Evra did the milking himself - to my great relief - then we brought the snake outside and laid her on the grass. We grabbed buckets of water and scrubbed her down with really soft sponges.
After that, we had to feed the wolf-man. His cage was near the back of the campsite. He roared when he saw us coming. He looked as angry and dangerous as he had that night I went to see the Cirque with Steve. He shook the bars and lunged at us if we got too close - which we didn't!
"Why is he so vicious?"I asked, tossing him a large chunk of raw meat, which he grabbed in midair and bit into.
"Because he's a real wolf-man,"Evra said. "He's not just somebody very hairy. He's half human, half wolf."
"Isn't it cruel to keep him chained up?"I asked, throwing him another slice of meat.
"If we didn't, he'd run free and kill people. The mix of human and wolf blood has driven him mad. He wouldn't just kill when he was hungry; if he was free, he'd murder all the time."
"Isn't there a cure?"I asked, feeling sorry for him.
"There isn't a cure because it isn't a disease,"Evra explained. "This isn't something he caught, it's how he was born. This is what he is."
"How did it happen?"I asked.
Evra looked at me seriously. "Do you really want to know?"
I stared at the hairy monster in the cage, ripping up the meat as if it were cotton candy, then gulped and said, "No, I suppose I don't."
We did a bunch of jobs after that. We peeled potatoes for the night's dinner, helped repair a tire on one of the cars, spent an hour painting the roof of a van, and walked a dog. Evra said most days were like this, just wandering through the camp, seeing what needed doing, helping out here and there.
In the evening we took a garbage bag full of cans and broken pieces of glass to the tent of Rhamus Twobellies, a huge man who could eat anything. I wanted to stay and watch him eat, but Evra hurried me out. Rhamus didn't like people watching him eat when he wasn't performing.
We had a lot of time to ourselves, and during our quieter moments we told each other about our lives - where we'd come from and how we'd grown up.

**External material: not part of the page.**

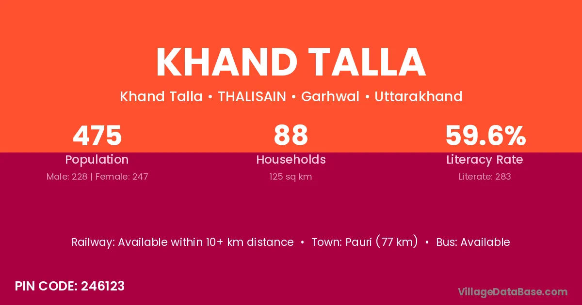 Pauri (77 km) is the nearest town to Khand Talla village for major economic activities and is located approximately 77 km away.

Evra had been born to ordinary parents. They were horrified when they saw him. They abandoned him at an orphanage, where he stayed until an evil circus owner bought him at the age of four.
"Those were bad days,"he said quietly. "He used to beat me and treat me like a real snake. He kept me locked up in a glass case and let people pay to look at me and laugh."
He was with the circus for seven long, miserable years, touring small towns, being made to feel ugly and freakish and useless.
Finally, Mr. Tall came to the rescue.
"He showed up one night,"Evra said. "He appeared suddenly out of the darkness and stood by my cage for a long time, watching me. He didn't say a word. Neither did I.